* _What to do_: Return the entries verbatim and drop every picture.

Segment Start: Input records

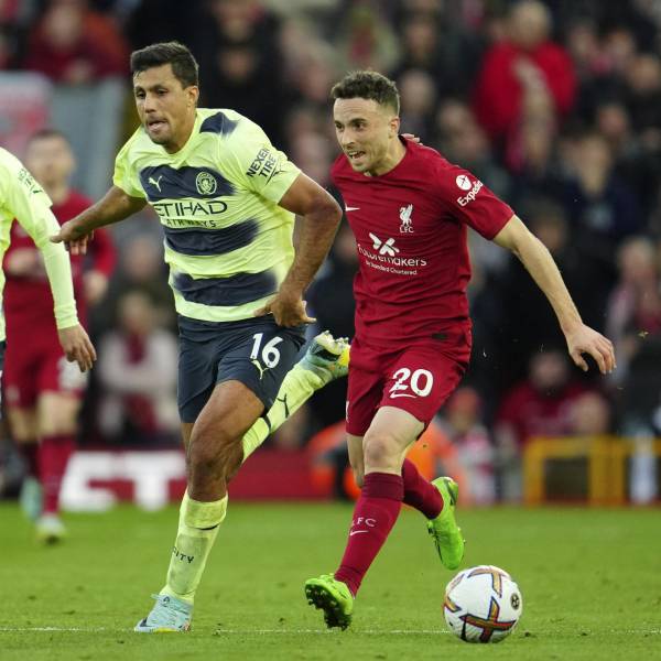 Diogo Jota (derecha) de Liverpool disputa el balón con Rodrigo del Manchester City en el partido de la Liga Premier, el domingo 16 de octubre de 2022. (AP Foto/Jon Super)( )
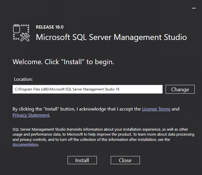 Install SQL Server Management Tools
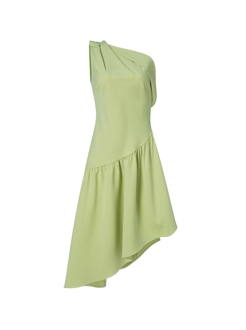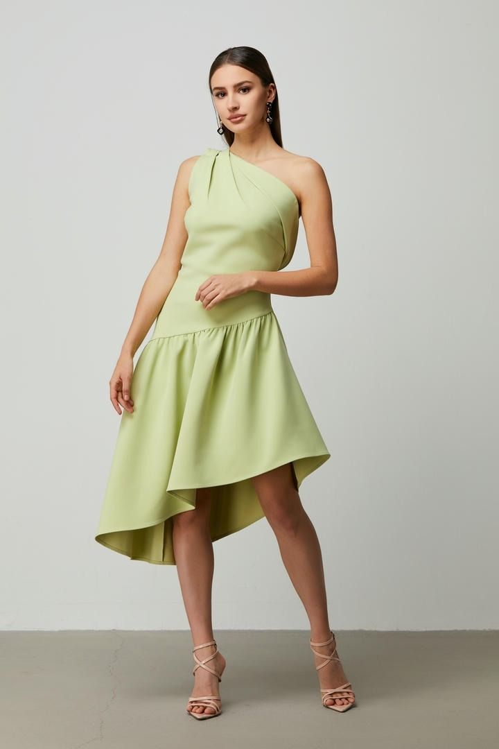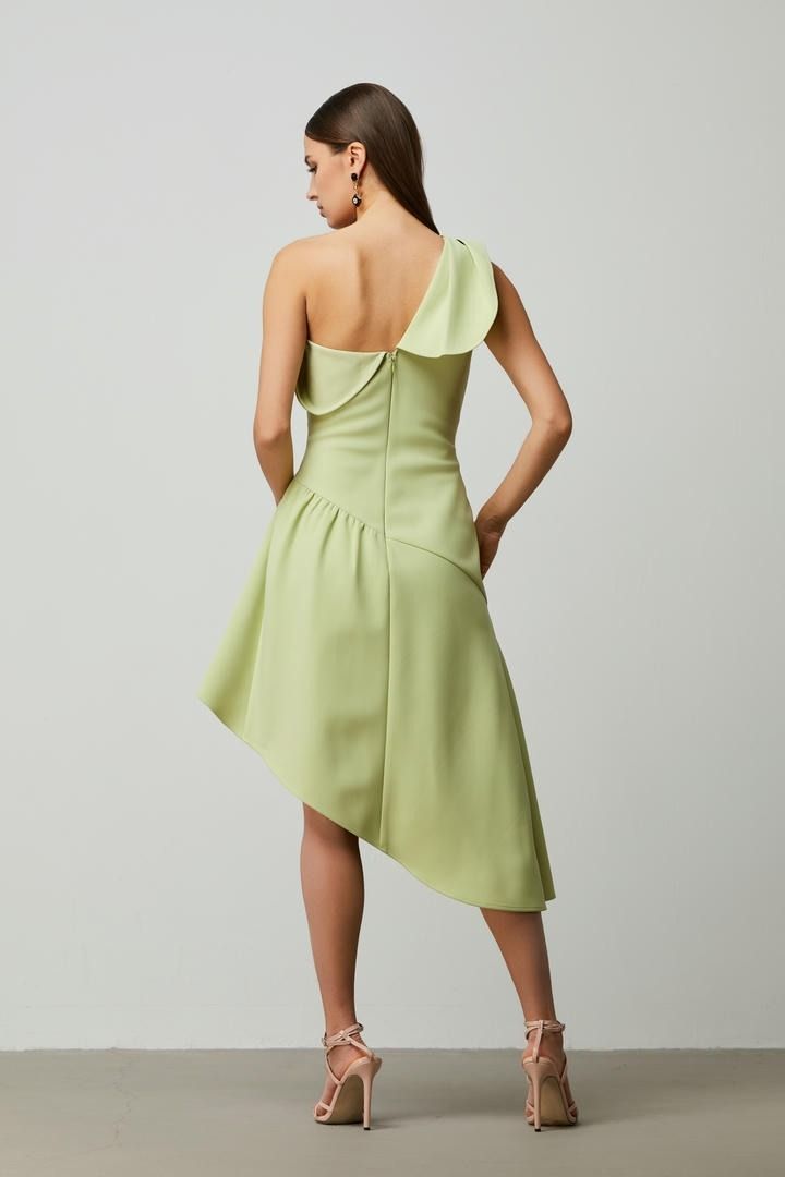 فستان كتف واحد باللون الأخضر الفاتح
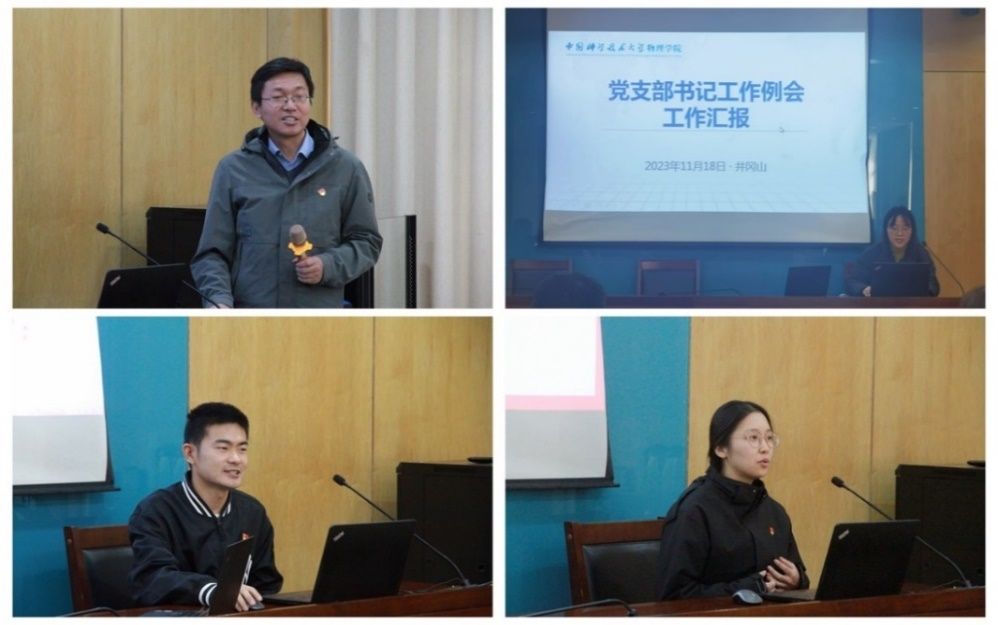 在革命老区井冈山,学院党委还组织召开了一场特别的党支部书记工作例会。会议通报了2023年物理学院党员发展情况,并对近期工作要点和党建工作中需要注意的事项进行提醒。粒子物理与原子核物理研究生党支部彭云志和凝聚态物理研究生党支部司佳琪分享了开展主题党日活动的经验,号召各党支部拓宽思路,创新载体,组织丰富多彩的党日活动。
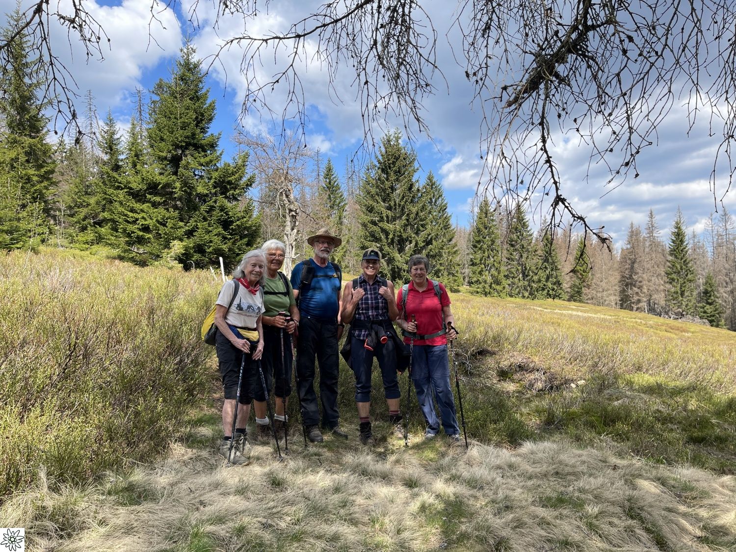 Der Abstieg erfolgt dann über den Hüttenweg mit der Markierung „Esche“ bis zur Abzweigung vom Wanderweg „Heidelbeere“ zur Höllbachschwelle, von hier auf dem Normalweg (Forststraße) zum Parkplatz. Trotz der Umleitungen war es für die Mädels und den Tourenleiter eine eindrucksvolle, informative und genussvolle Wanderung.
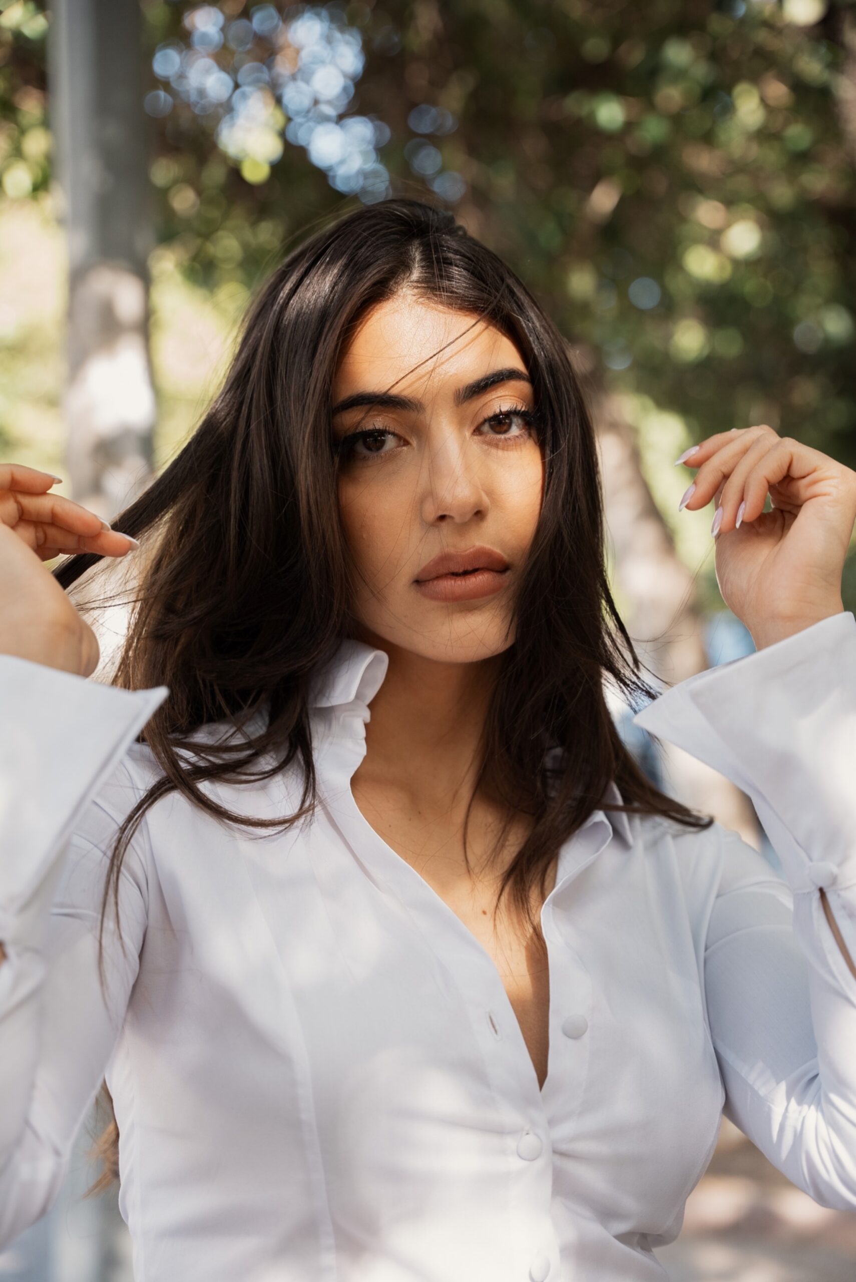 The Ivory Shirt is cut from crisp cotton poplin that holds its shape while feeling soft against the skin. It’s fitted through the body, creating a clean, flattering line. The small Asian-style buttons add a subtle touch of character — simple, timeless, and a little unexpected.
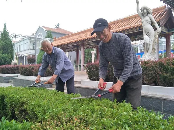 實施了三大綠化工程,一是山坡植綠工程。規(guī)劃建設(shè)了“五個千畝”種植基地----千畝干果經(jīng)濟林種植、千畝道地藥材種植、千畝小雜糧生產(chǎn)、千畝花卉培育和千畝有機蔬果種植,既實現(xiàn)了山坡綠化,也催生了綠色經(jīng)濟。二是身邊增綠工程。對村內(nèi)主干道路、大街小巷全面綠化,并建起牡丹園、芍藥園、月季園三座花卉園,村里及周邊綠化總面積達到2000余畝。三是庭院披綠工程。振興村大力倡導(dǎo)庭院綠化,為村民提供葡萄及藤蔓植物幼苗,并免費指導(dǎo)種植。目前,全村綠化覆蓋率達到62%,人均綠化面積35㎡,綠化總投資達到6500萬元。
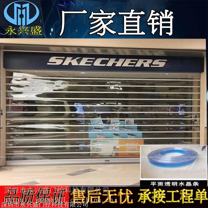 透明门片:材质:聚碳酸酯(PC防弹胶)规格:100mm × 300mm 。东莞水晶卷帘门,电动卷帘门规格齐全品质保证
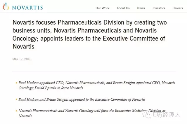 諾華全球官網(wǎng)的最新消息:2016年7月1日開(kāi)始,諾華制藥部門將拆分為諾華制藥業(yè)務(wù)和諾華腫瘤業(yè)務(wù)兩個(gè)單元,CEO David Epstein將離職。
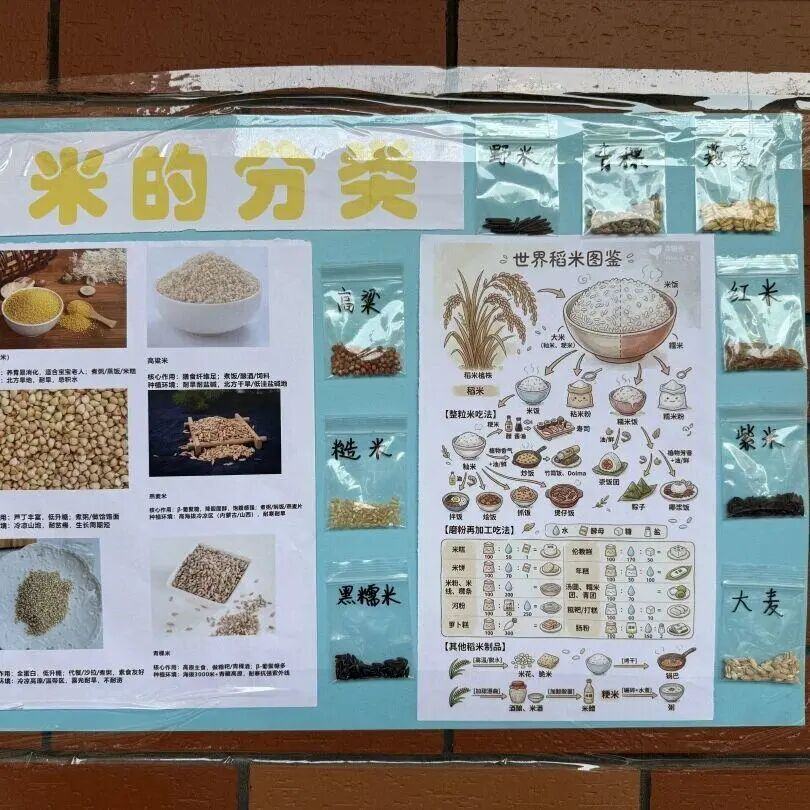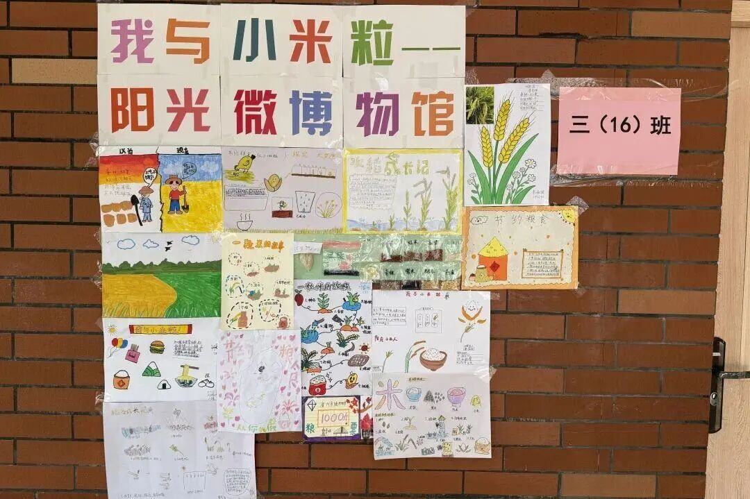 三年级以“我与小米粒”主题,亮点纷呈、童趣满满。馆内陈列着各式各样的谷物标本,生动展现水稻从播种到成熟的完整生长过程,孩子们与水稻小苗的合影、袁隆平爷爷躬耕田野的事迹也一一呈现。更有孩子们亲手绘制的创意粮票,广州塔、五羊雕像等羊城元素跃然纸上,独具巧思。方寸之间,孩子们在参观与创作中认识稻米、感知劳动艰辛,让惜粮爱粮、感恩劳动的品质深深扎根心底。

Segment End: Input records

* _Task response_:
 Diogo Jota (derecha) de Liverpool disputa el balón con Rodrigo del Manchester City en el partido de la Liga Premier, el domingo 16 de octubre de 2022. (AP Foto/Jon Super)( )
 Install SQL Server Management Tools
 فستان كتف واحد باللون الأخضر الفاتح
 在革命老区井冈山,学院党委还组织召开了一场特别的党支部书记工作例会。会议通报了2023年物理学院党员发展情况,并对近期工作要点和党建工作中需要注意的事项进行提醒。粒子物理与原子核物理研究生党支部彭云志和凝聚态物理研究生党支部司佳琪分享了开展主题党日活动的经验,号召各党支部拓宽思路,创新载体,组织丰富多彩的党日活动。
 Der Abstieg erfolgt dann über den Hüttenweg mit der Markierung „Esche“ bis zur Abzweigung vom Wanderweg „Heidelbeere“ zur Höllbachschwelle, von hier auf dem Normalweg (Forststraße) zum Parkplatz. Trotz der Umleitungen war es für die Mädels und den Tourenleiter eine eindrucksvolle, informative und genussvolle Wanderung.
 The Ivory Shirt is cut from crisp cotton poplin that holds its shape while feeling soft against the skin. It’s fitted through the body, creating a clean, flattering line. The small Asian-style buttons add a subtle touch of character — simple, timeless, and a little unexpected.
 實施了三大綠化工程,一是山坡植綠工程。規(guī)劃建設(shè)了“五個千畝”種植基地----千畝干果經(jīng)濟林種植、千畝道地藥材種植、千畝小雜糧生產(chǎn)、千畝花卉培育和千畝有機蔬果種植,既實現(xiàn)了山坡綠化,也催生了綠色經(jīng)濟。二是身邊增綠工程。對村內(nèi)主干道路、大街小巷全面綠化,并建起牡丹園、芍藥園、月季園三座花卉園,村里及周邊綠化總面積達到2000余畝。三是庭院披綠工程。振興村大力倡導(dǎo)庭院綠化,為村民提供葡萄及藤蔓植物幼苗,并免費指導(dǎo)種植。目前,全村綠化覆蓋率達到62%,人均綠化面積35㎡,綠化總投資達到6500萬元。
 透明门片:材质:聚碳酸酯(PC防弹胶)规格:100mm × 300mm 。东莞水晶卷帘门,电动卷帘门规格齐全品质保证
 諾華全球官網(wǎng)的最新消息:2016年7月1日開(kāi)始,諾華制藥部門將拆分為諾華制藥業(yè)務(wù)和諾華腫瘤業(yè)務(wù)兩個(gè)單元,CEO David Epstein將離職。
 三年级以“我与小米粒”主题,亮点纷呈、童趣满满。馆内陈列着各式各样的谷物标本,生动展现水稻从播种到成熟的完整生长过程,孩子们与水稻小苗的合影、袁隆平爷爷躬耕田野的事迹也一一呈现。更有孩子们亲手绘制的创意粮票,广州塔、五羊雕像等羊城元素跃然纸上,独具巧思。方寸之间,孩子们在参观与创作中认识稻米、感知劳动艰辛,让惜粮爱粮、感恩劳动的品质深深扎根心底。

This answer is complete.